ここで、母粒子を親水性有機粒子単独の粒子(一次粒子)で構成した形態の場合、インク受容性粒子がインクを受容する際、インクがインク受容性粒子に付着すると、少なくともインクの液体成分を親水性有機粒子によってインク液体成分が吸液される。
このようにして、インク受容性粒子はインクを受容する。そして、インクを受容したインク受容性粒子を記録媒体に転写することで、記録が行われる。
他方、母粒子を少なくとも親水性有機粒子が集合した複合体粒子で構成した形態の場合、インク受容性粒子がインクを受容する際、まず、インクがインク受容性粒子に付着すると、少なくともインクの液体成分を複合体粒子を構成する粒子(少なくとも親水性有機粒子)間の空隙(以下、粒子間空隙をトラップ構造と称する場合がある)により捕獲(トラップ)する。このとき、インクの成分のうち記録材は、インク受容性粒子表面に付着又はトラップ構造により捕獲(トラップ)される。このようにして、インク受容性粒子はインクを受容する。そして、インクを受容したインク受容性粒子を記録媒体に転写することで、記録が行われる。
このトラップ構造によるインク液体成分の捕獲(トラップ)は、粒子間の空隙(物理的な粒子壁構造)による物理的及び/又は化学的な捕獲である。

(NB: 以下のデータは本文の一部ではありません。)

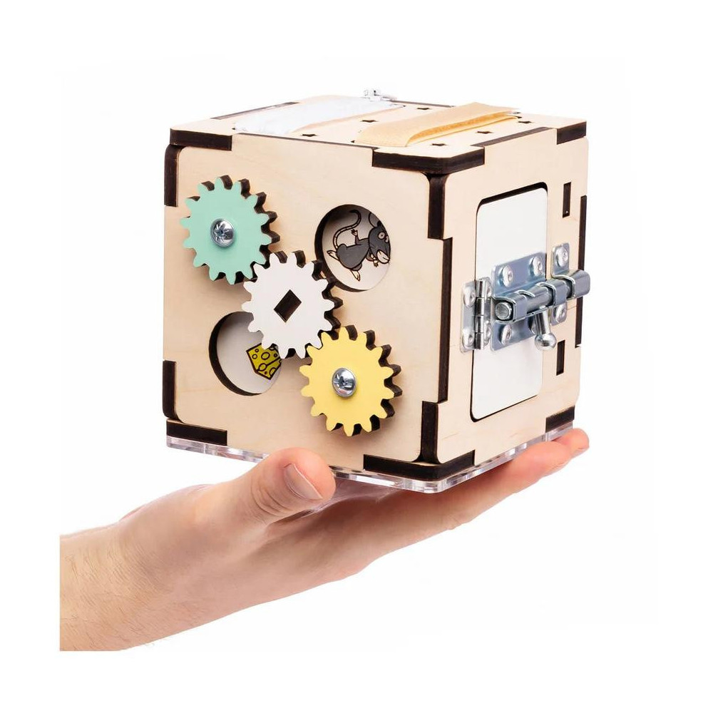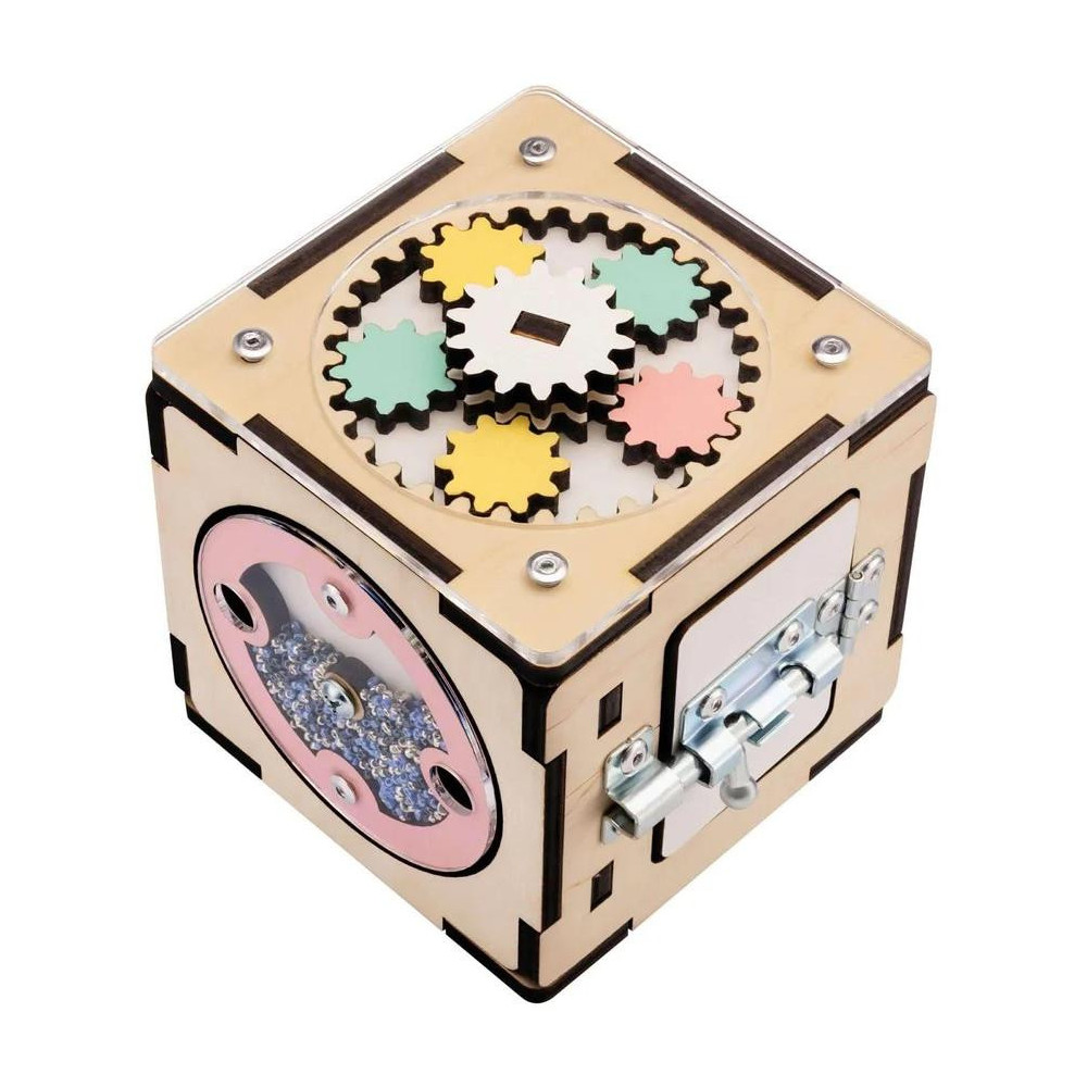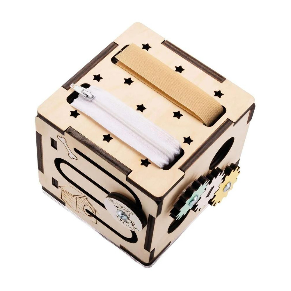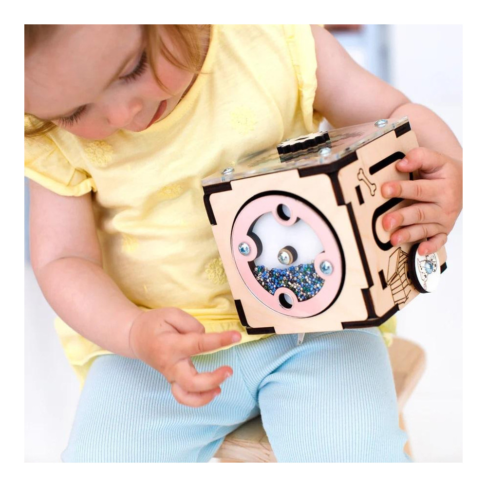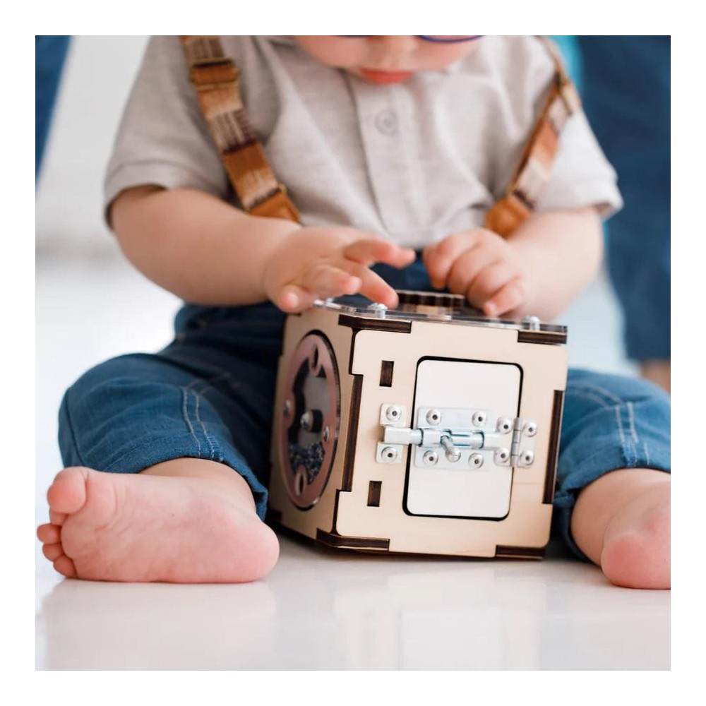 Interaktivní dřevěná kostka od BusyKids je ideální hračkou pro zvědavé děti od 1 roku. Na každé ze šesti stran nabízí různé aktivity: otáčecí elementy, zipy, suché zipy a spoustu dalších aktivit, které rozvíjejí smyslové a motorické dovednosti.
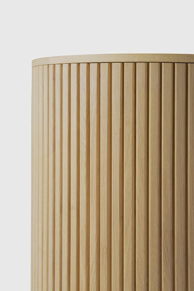 Designed by Jacques Deneef, the Roller Max is a clever multifunctional item that combines a side table with storage. Encapsulated in its stacked wood-stick effect, the tabletop can be easily removed to hide newspapers, toys, cushions, and throws from daily life—the perfect solution for smaller living spaces.

そして、母粒子を少なくとも親水性有機粒子が集合した複合体粒子で構成した形態を適用することで、当該複合体粒子を構成する粒子間の空隙(物理的な粒子壁構造)による捕獲(トラップ)に加え、親水性有機粒子によってインク液体成分が吸液・保持される。
また、親水性有機粒子によってもインク液体成分が吸収、保持される。
また、インク受容性粒子の転写後、インク受容性粒子を構成する親水性有機粒子の成分は、インクに含まれる記録材の結着樹脂や被覆樹脂としても機能する。さらに、インク受容性粒子が複合体粒子の場合、そのトラップ構造に記録材をトラップする。特に、インク受容性粒子を構成する親水性有機粒子の成分として、透明樹脂を適用することが望ましい。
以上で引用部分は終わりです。